=== How to complete this task ===
Could you reproduce every entry as it stands, leaving the pictures behind?

=== Records from a data source ===
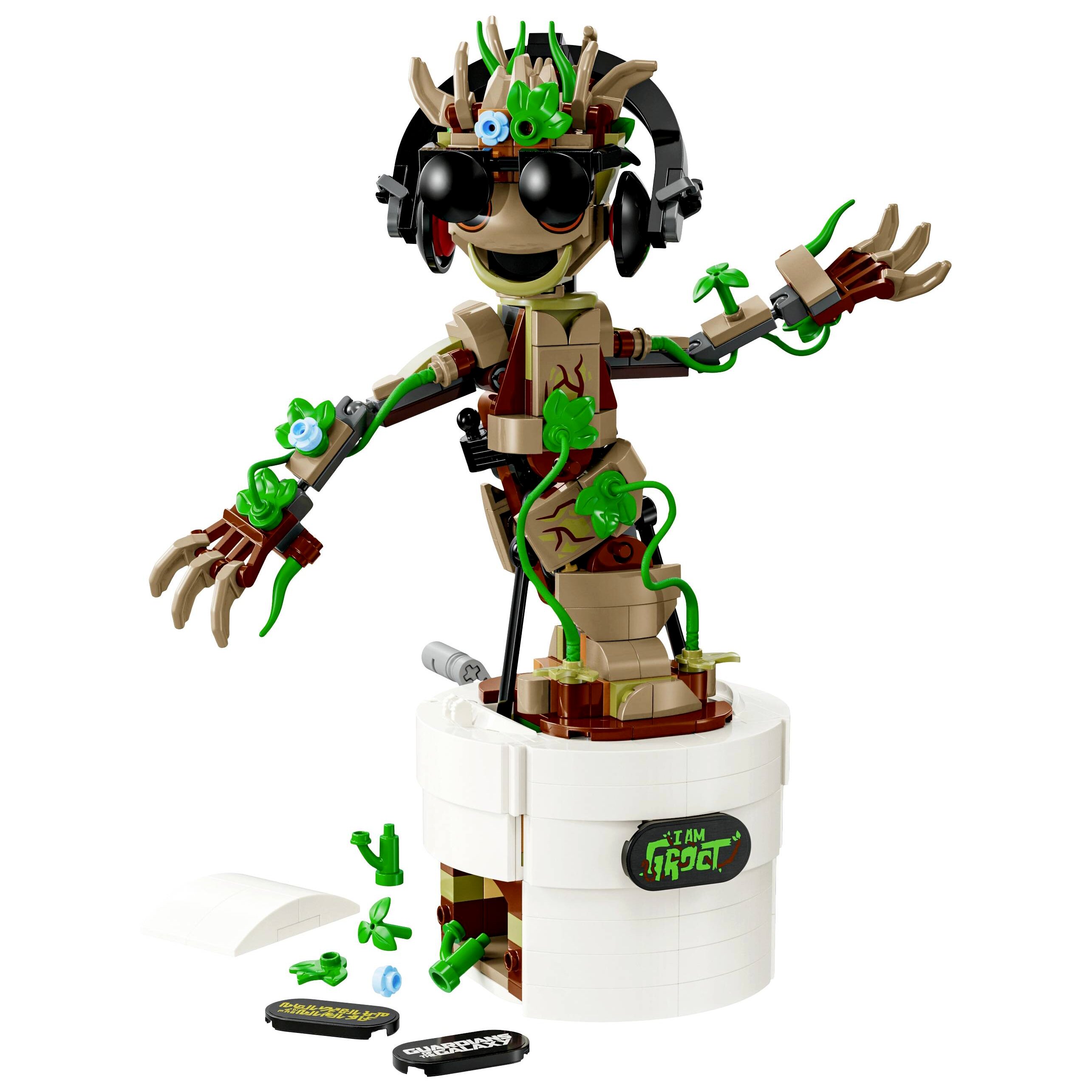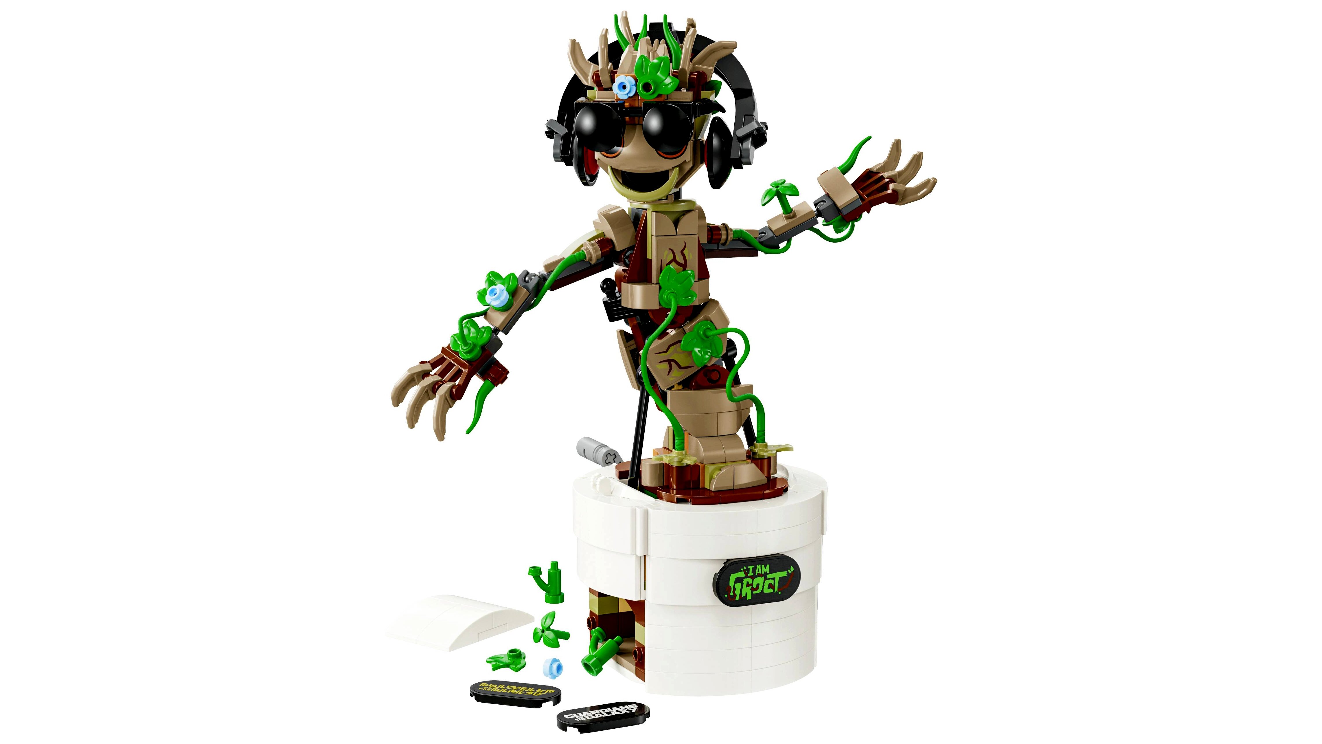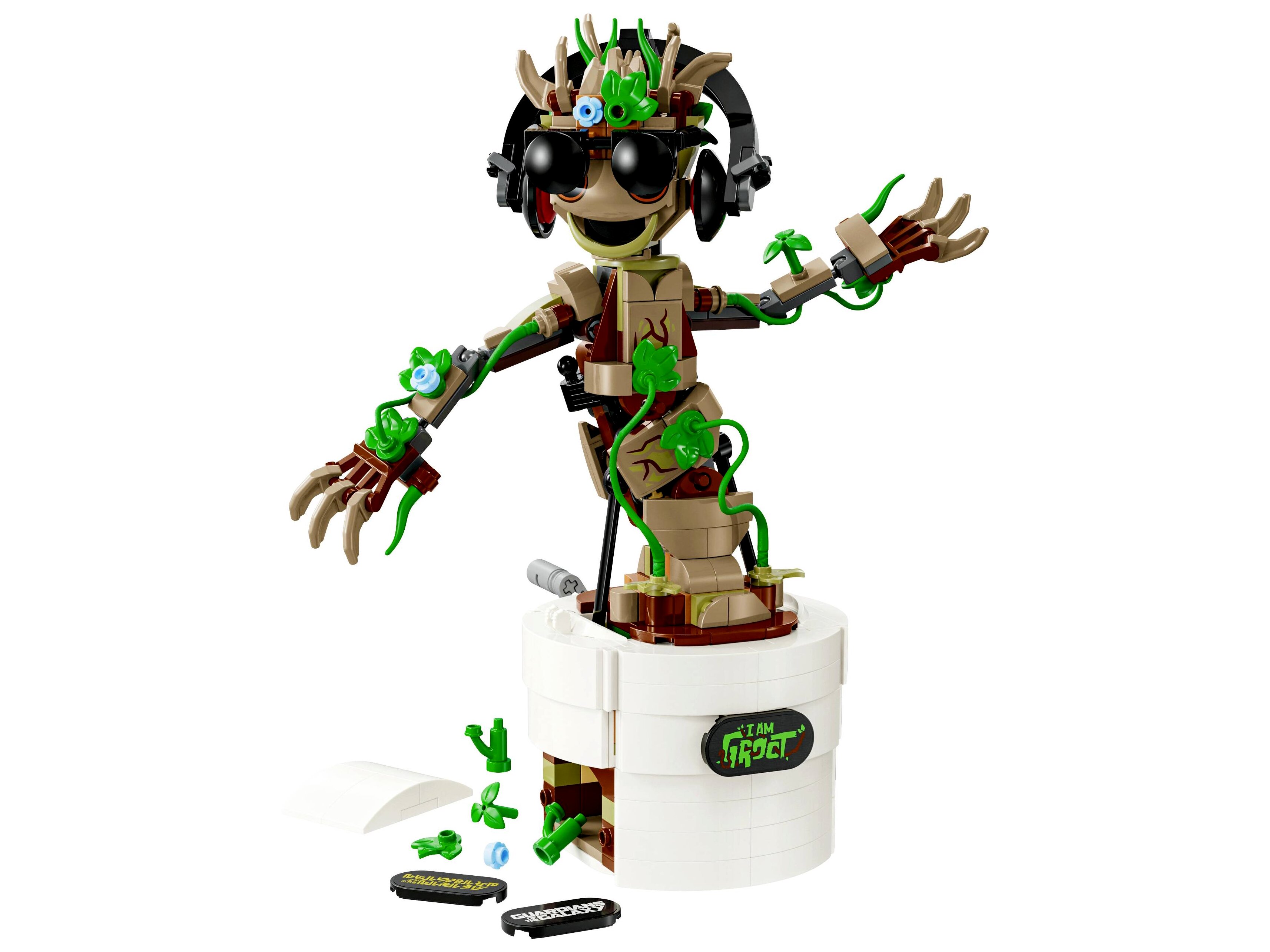 Egyerekeknek készült Groot-építőjátéknak mozgatható a feje, és beállíthatók a karjai. Amikor a gyerekek elfordítják a virágcserép hátulján lévő kart, a csuklós Groot táncolni kezd. A figurát plusz levelekkel, megépíthető fejhallgatóval és napszemüveggel lehet díszíteni, és a gyerekek testre szabhatják Groot cserepét a 3 különböző névtábla egyikével (az egyik a filmhez kapcsolódik: Én vagyok Groot). Az összes kiegészítőt a cserép beépíthető tárolójába rejtheted. Hogy még szórakoztatóbb legyen az építés, a LEGO Builder appal a gyerekek 3D-ben felnagyíthatják és elforgathatják a modelleket, és építés közben követhetik a haladásukat.
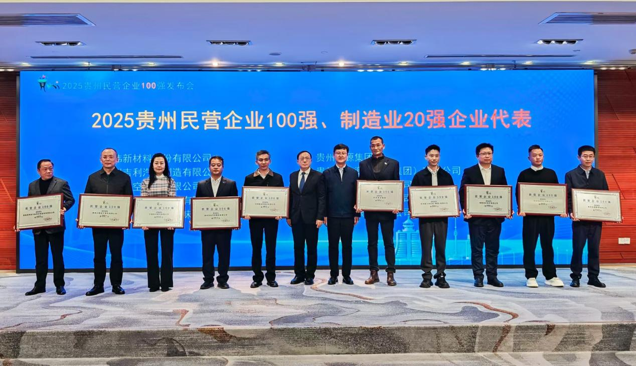 12月24号,贵州省工商业联合会在贵阳召开2025年贵州民营企业100强发布会,发布了“2025年贵州民营企业100强榜单”及“2025年贵州民营企业制造业20强榜单”。
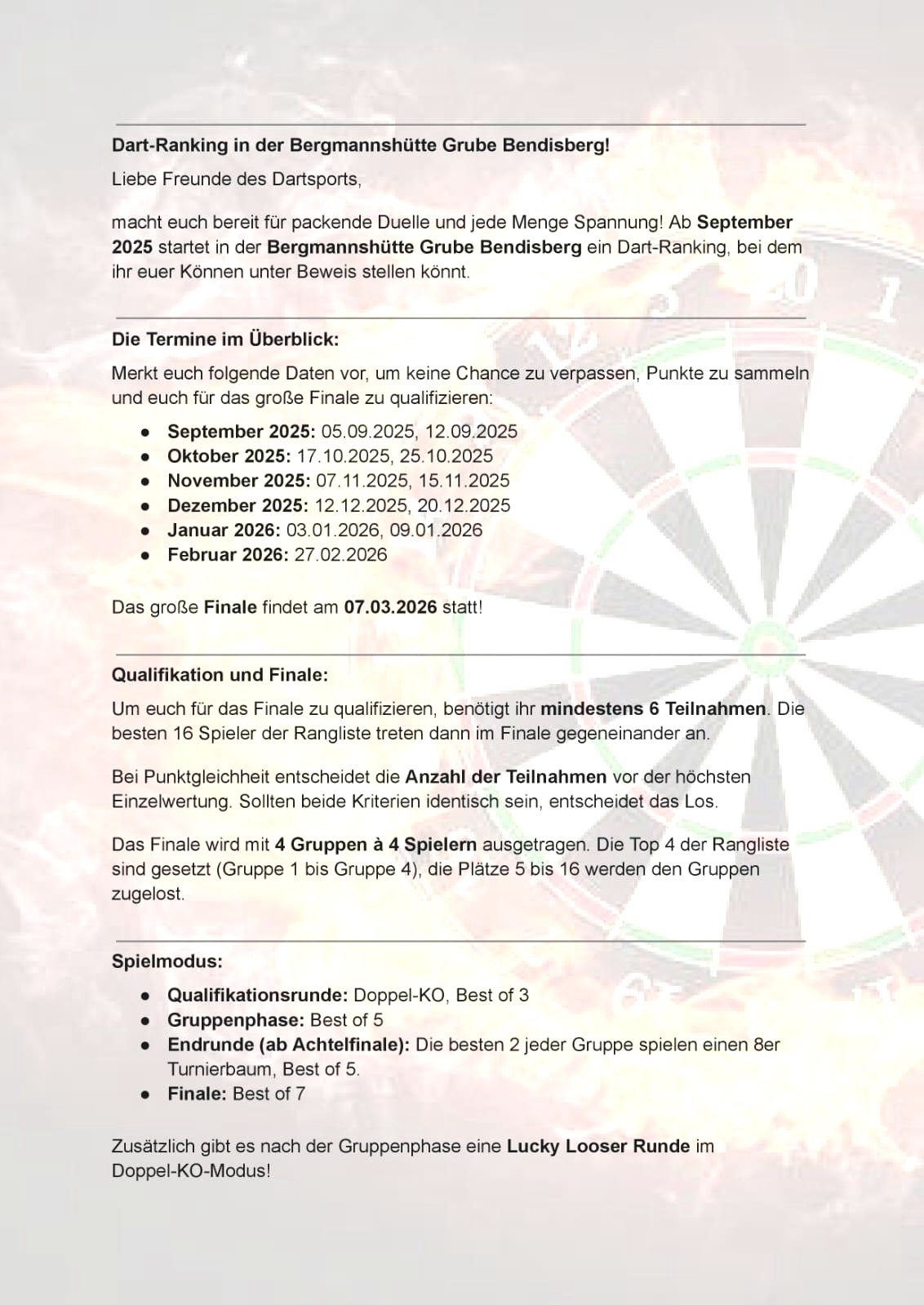 Bereid je voor op spannende duels en veel spanning. Vanaf september 2025 gaat er een dartsranking van start in de mijnwerkershut in de Bendisbergmijn.
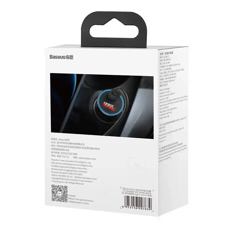 The car charger from Baseus supports 4 fast charging protocols. Qualcomm Quick Charge 4.0 will charge your device 4 times faster than a standard charger. In addition, the backward compatibility of Quick Charge 3.0, 2.0, AFC, MTK guarantees the fastest charging option. The Quick Charge 4.0 option is available on the Type-C port. QC-compatible phones include the Xiaomi 10/9. Huawei Fast Charge Protocol makes the device charge faster and doesn't heat up much while charging. Compatible phones include, for example, the Huawei Mate 30 or Honor Magic 2. Like Huawei, Samsung has its own fast charging protocol. With Samsung Adaptive Charge, your phone will charge much faster than with a regular charger. The technology from Samsung will charge models like the S20, S9, etc. Power Delivery is a high-voltage charging standard that will charge your device quickly and safely. The charger supports 20W and 18W version. Power Delivery is compatible with the iPhone 12, for example. Be sure to check if your device supports the listed fast charging standards. You will find the Baseus Simple Wisdom Data Cable USB-C to lightning 1m included.
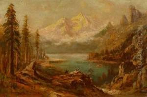 Rider On Horseback & Two Figures In View Of Mt. Shasta From Castle Lake S L/l: T. Hill O/c 16x24
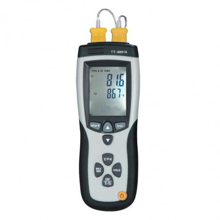 Emballage: 1Marque: TurbotechRéférence: TT8891AEAN: 6951110988891Description: Thermomètre 2 canaux -200°C+1372°C
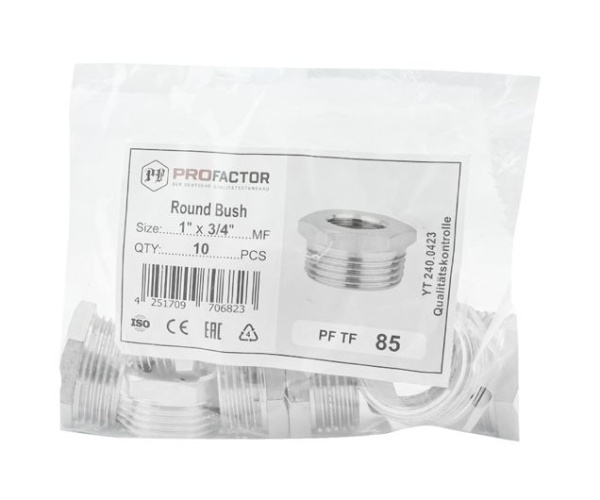 Фитинги резьбовые латунные никелированные PROFACTOR® предназначены для создания разъёмных соединений (в том числе быстроразъемных) при монтаже трубопроводных систем всех типов (систем водоснабжения, отопления, сжатого воздуха и др.).
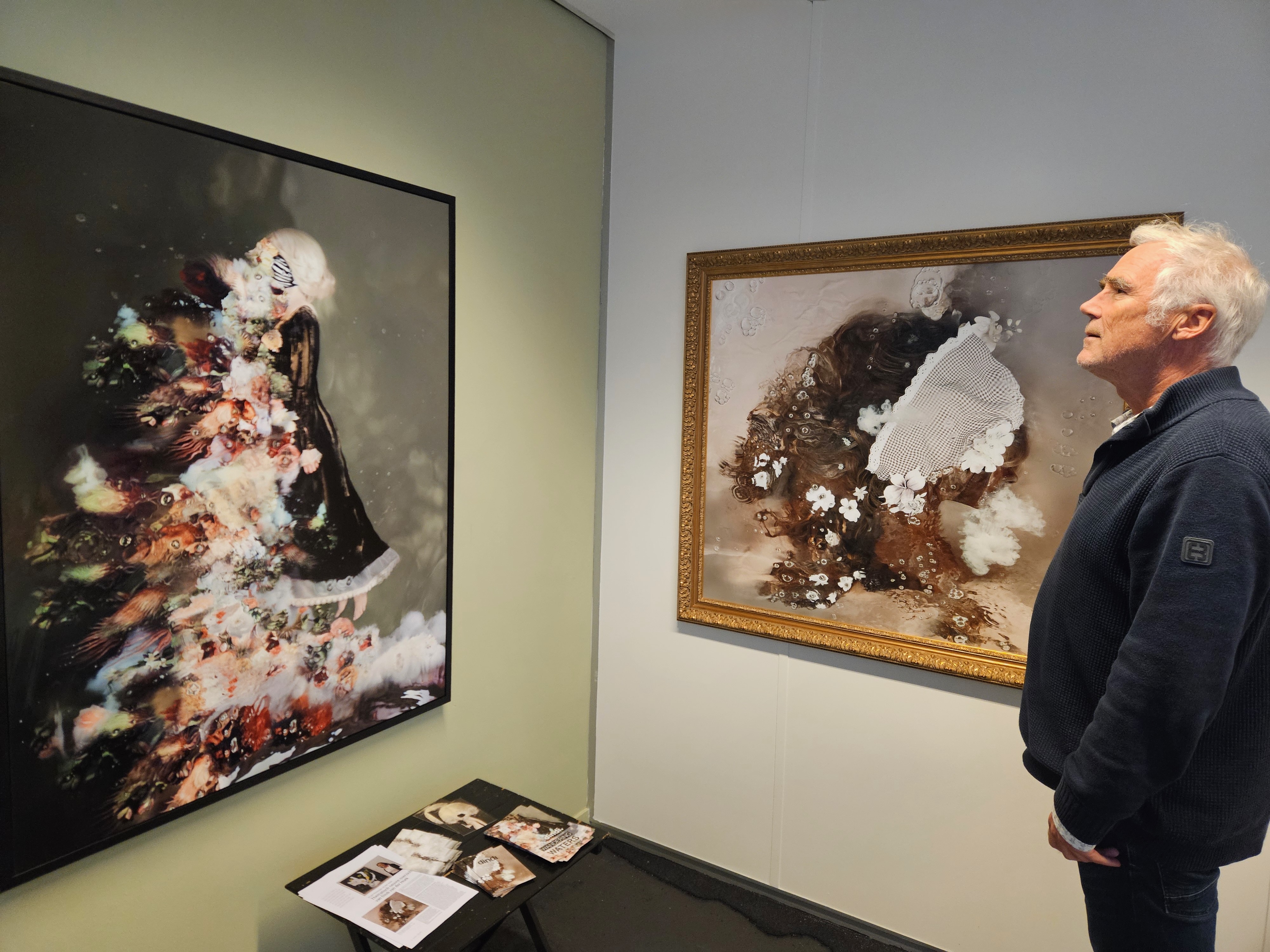 “Water blijft me fascineren en ik blijf daarbij de impact van water in mijn werk onderzoeken. Sterker nog, water is het enige element dat ik niet volledig kan beheersen. Het water zorgt ervoor dat zowel het geënsceneerde beeld als de surrealistische waterreflecties op een interessante en fascinerende manier in evenwicht komen. Water brengt een zekere spontaniteit in mijn werk, maar ook surrealisme en vervreemding van de realiteit, waardoor ik die diepere innerlijke lagen kan visualiseren”, vertelt Dindi.

=== Exercise response ===
 Egyerekeknek készült Groot-építőjátéknak mozgatható a feje, és beállíthatók a karjai. Amikor a gyerekek elfordítják a virágcserép hátulján lévő kart, a csuklós Groot táncolni kezd. A figurát plusz levelekkel, megépíthető fejhallgatóval és napszemüveggel lehet díszíteni, és a gyerekek testre szabhatják Groot cserepét a 3 különböző névtábla egyikével (az egyik a filmhez kapcsolódik: Én vagyok Groot). Az összes kiegészítőt a cserép beépíthető tárolójába rejtheted. Hogy még szórakoztatóbb legyen az építés, a LEGO Builder appal a gyerekek 3D-ben felnagyíthatják és elforgathatják a modelleket, és építés közben követhetik a haladásukat.
 12月24号,贵州省工商业联合会在贵阳召开2025年贵州民营企业100强发布会,发布了“2025年贵州民营企业100强榜单”及“2025年贵州民营企业制造业20强榜单”。
 Bereid je voor op spannende duels en veel spanning. Vanaf september 2025 gaat er een dartsranking van start in de mijnwerkershut in de Bendisbergmijn.
 The car charger from Baseus supports 4 fast charging protocols. Qualcomm Quick Charge 4.0 will charge your device 4 times faster than a standard charger. In addition, the backward compatibility of Quick Charge 3.0, 2.0, AFC, MTK guarantees the fastest charging option. The Quick Charge 4.0 option is available on the Type-C port. QC-compatible phones include the Xiaomi 10/9. Huawei Fast Charge Protocol makes the device charge faster and doesn't heat up much while charging. Compatible phones include, for example, the Huawei Mate 30 or Honor Magic 2. Like Huawei, Samsung has its own fast charging protocol. With Samsung Adaptive Charge, your phone will charge much faster than with a regular charger. The technology from Samsung will charge models like the S20, S9, etc. Power Delivery is a high-voltage charging standard that will charge your device quickly and safely. The charger supports 20W and 18W version. Power Delivery is compatible with the iPhone 12, for example. Be sure to check if your device supports the listed fast charging standards. You will find the Baseus Simple Wisdom Data Cable USB-C to lightning 1m included.
 Rider On Horseback & Two Figures In View Of Mt. Shasta From Castle Lake S L/l: T. Hill O/c 16x24
 Emballage: 1Marque: TurbotechRéférence: TT8891AEAN: 6951110988891Description: Thermomètre 2 canaux -200°C+1372°C
 Фитинги резьбовые латунные никелированные PROFACTOR® предназначены для создания разъёмных соединений (в том числе быстроразъемных) при монтаже трубопроводных систем всех типов (систем водоснабжения, отопления, сжатого воздуха и др.).
 “Water blijft me fascineren en ik blijf daarbij de impact van water in mijn werk onderzoeken. Sterker nog, water is het enige element dat ik niet volledig kan beheersen. Het water zorgt ervoor dat zowel het geënsceneerde beeld als de surrealistische waterreflecties op een interessante en fascinerende manier in evenwicht komen. Water brengt een zekere spontaniteit in mijn werk, maar ook surrealisme en vervreemding van de realiteit, waardoor ik die diepere innerlijke lagen kan visualiseren”, vertelt Dindi.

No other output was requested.